We invited a grief specialist, a funeral director, the head of a death-positive organization, and a journalist to reflect on the practical and philosophical issues that COVID-19 raises. Taken together, the thoughts and advice they shared provide unique insight into how best to support the dying and honor the dead during this time.

Additionally, we shared wisdom and insights from former Oregon Governor Barbara Roberts, who reminded us that when it comes to grieving, “it’s OK to be weird.”

Below is a selection of articles that illustrate similar issues:

“Shortage of palliative care in USA could amplify suffering for coronavirus patients,” USA Today, 3/25/20

“Palliative care is right on the front line” of the coronavirus outbreak, Bernacki said. “We are going to be playing a very important role. People will be leaning on us.” Some experts worry that a long-standing shortage of palliative care professionals – who focus on the physical pain and mental and spiritual distress caused by serious illness – could leave many COVID-19 patients in distress.

Palliative care is vital when patients are suffering, especially for those near death, said Dr. Diane Meier, director of the Center to Advance Palliative Care, a nonprofit organization.

Specialist palliative care teams are “a scarce resource, just like ventilators,” Meier said.

“Allow COVID-19 patients the dignity of not dying alone,” Albany Times-Union, 4/3/20

“I want a death with peace, compassion, dignity and assisted support. I want to be connected to my family — at least virtually by an iPad, since some hospitals are not allowing family to be with COVID-19 patients, even those who are dying.”

“Patients Dying Fast, and Far from Family, Challenge Practice of Palliative Care,” NPR, 5/4/20

Patients and their families face abrupt decisions about the kind of care they want, and time for sensitive deliberation is scarce. Conversations once held in-person are now over the phone, with all the nuances of nonverbal communication lost. The comfort of family at the bedside of the dying is all but gone. This is the new reality for those who practice palliative medicine.

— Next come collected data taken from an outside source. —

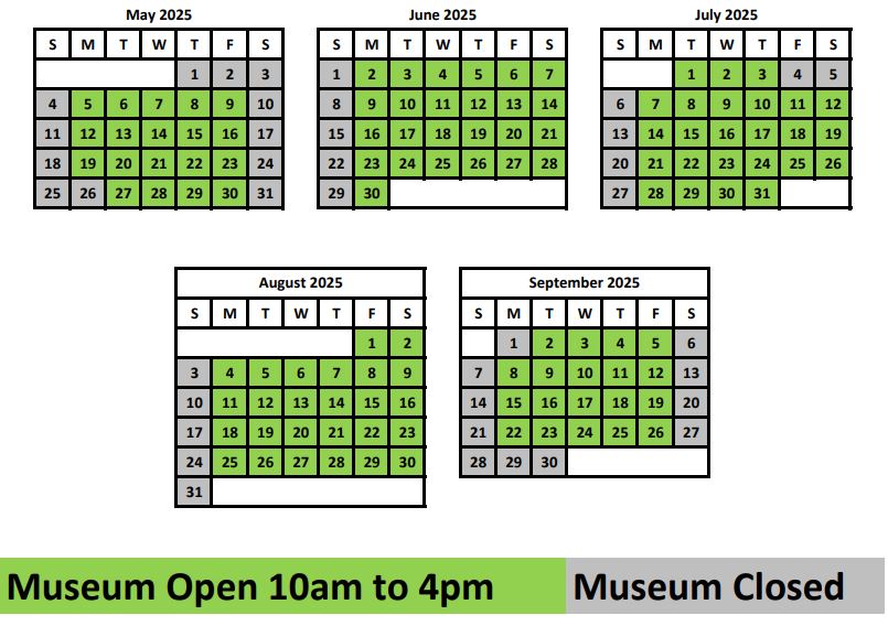 The Museum is open! Scroll down to see our 2025 Museum Hours of Operation Calendar.
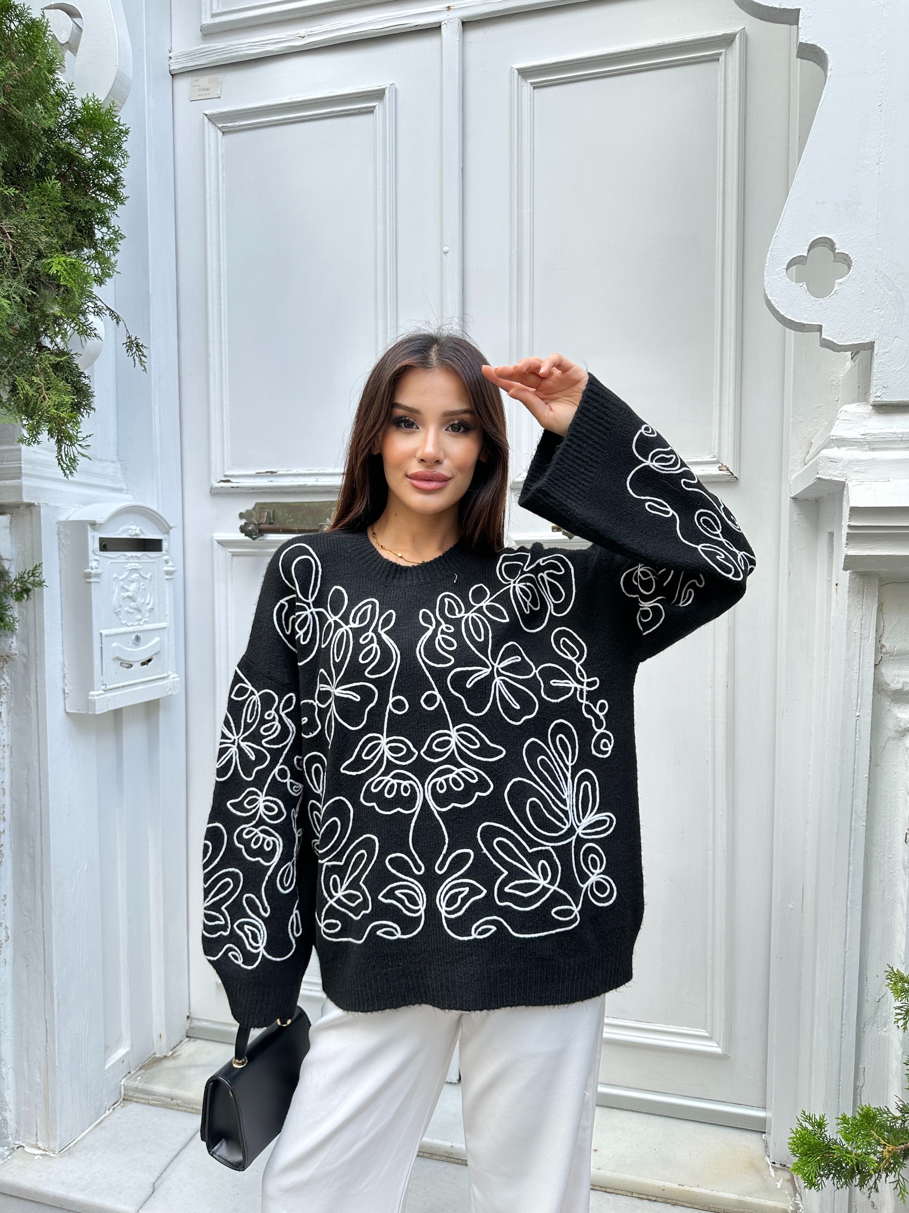 Bu sezonun en trend parçalarından biri olan nakışlı oversize şardonlu kazak, dolabınızın vazgeçilmezi olacak. Hemen sepetinize ekleyerek hem stil sahibi hem de sıcacık bir kış geçirin!
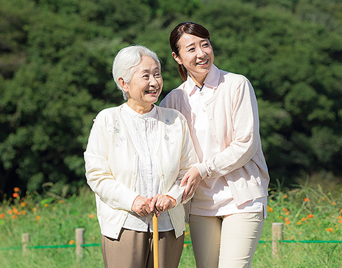 小田急小田原線「町田」駅北口より徒歩10分にある「未来倶楽部 町田」。ここでも看護職員24時間常駐、協力医療機関との緊密な医療連携、徹底した教育を受けたスタッフのもと、多様な医療ニーズ、終末期ケア、緩和ケアなど医療依存度の高い人が安心して過ごせる環境を実現する。
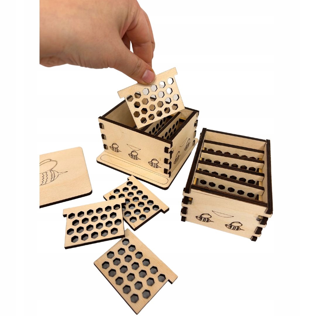 Перший елемент - це репліка вулика, що складається з двох ящиків із шматочками меду, накладкою та кришкою з розміром 20x10 см. Переміщення елементів вулика дають можливість грати в творчу гру у пасічнику, навчити невеликі моторики та навчити точності.
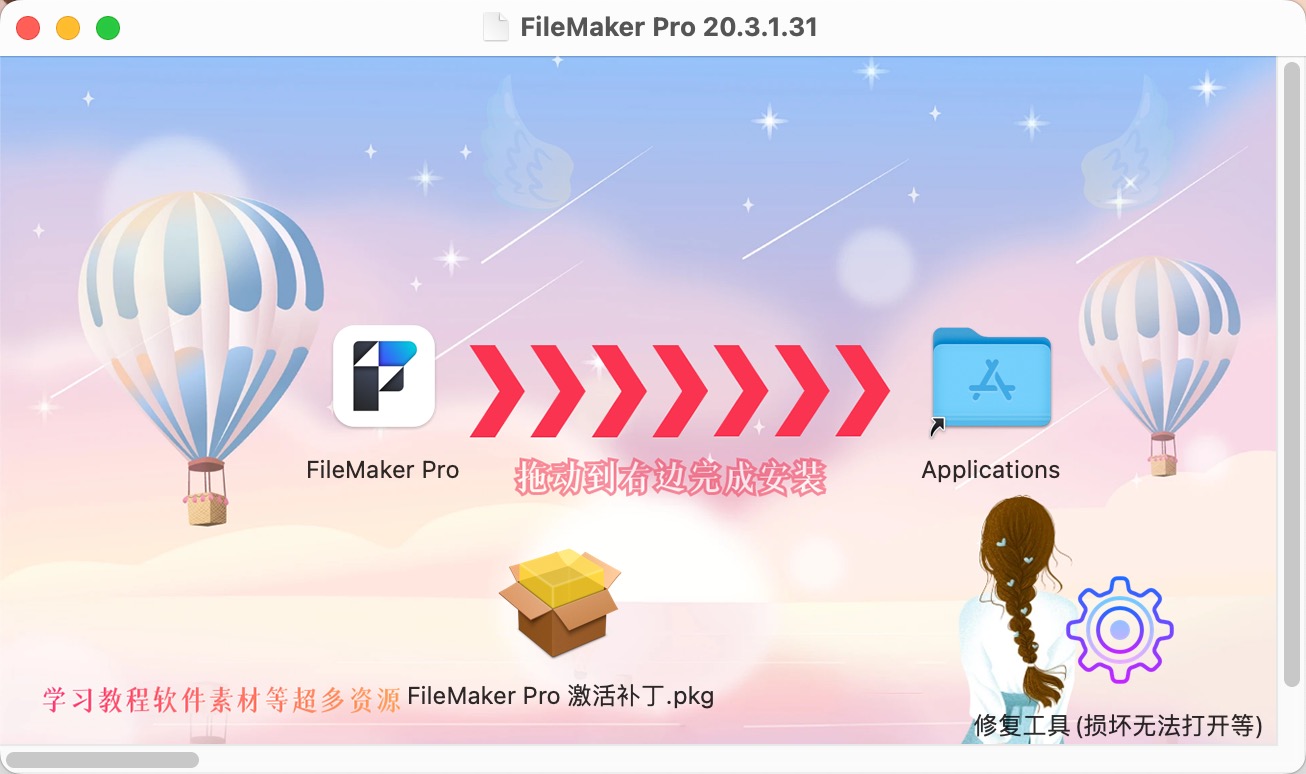 软件下载完成后打开,拖到FileMaker Pro到右边的应用程序中进行安装,安装完成后打开软件,点击开始试用进入试用,然后关闭软件,然后双击安装破解补丁。
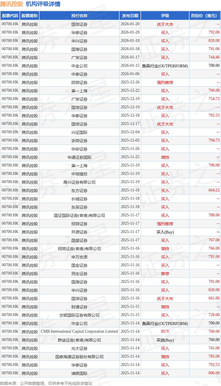 投行对该股的评级以买入为主,近90天内共有27家投行给出买入评级,近90天的目标均价为764.82港元。国信证券最新一份研报给予腾讯控股优于大市评级。
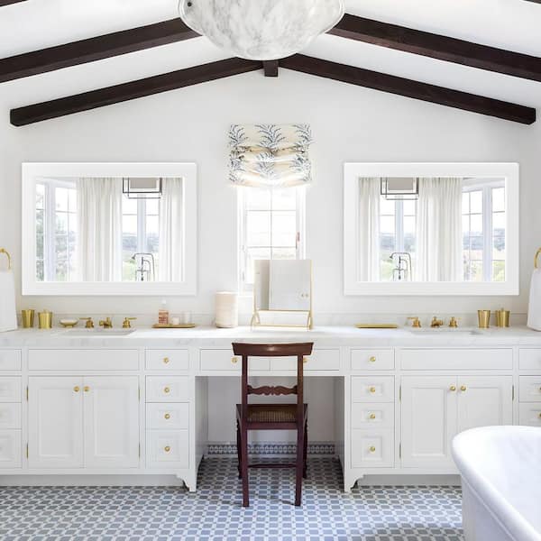 30 in. W x 40 in. H Simple Rectangular White Wood Frame Bathroom Mirror Vanity Mirror Wall Mirror/Floor Mirror
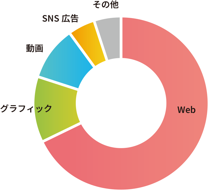 Web制作を主軸に、グラフィック・動画・SNS広告など多様な制作実績がございます。案件の目的や特性に応じて、最適な表現とクリエイティブをご提案いたします。
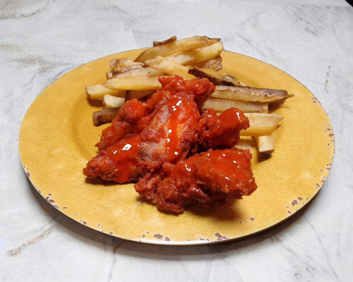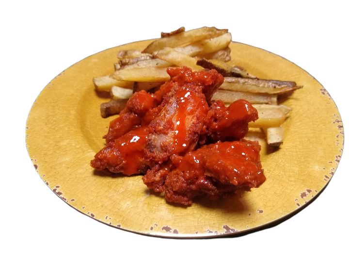 Orden de 8 alitas de pollo jugosas, bañadas en salsa búfalo o BBQ, para elegir según tu gusto.
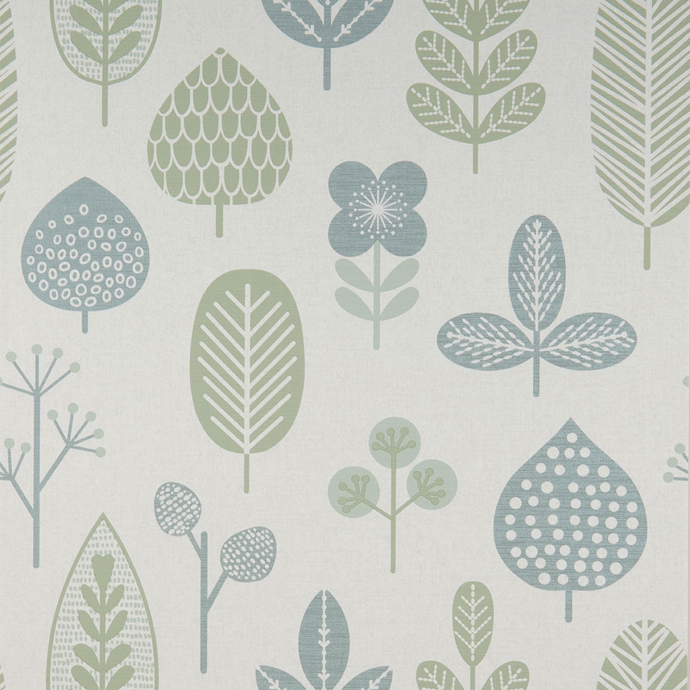 Vliesová tapeta, struktura jemné textilie. Podklad bílo-šedý, vzor odstíny zelené.

“‘I should’ve been with her’: Families separated from loved ones in the hospital,” KTTV-11, 5/10/20

Elizabeth Reiter is a mother of two who lives in Falcon. Right now, her family says she’s in the ICU with a serious lung infection that is not COVID-19 related. They have not seen her since April 29. COVID-19 has changed all of our lives. The separation of patients and their families might be the hardest change of all. Hospitals across the country are banning visitors. Keeping families away isn’t ideal, it’s to protect everyone.

“Pandemic has complicated end-of-life care,” HeraldNet, 5/20/20

“Even so-called good deaths have been harder to achieve in the age of the coronavirus.”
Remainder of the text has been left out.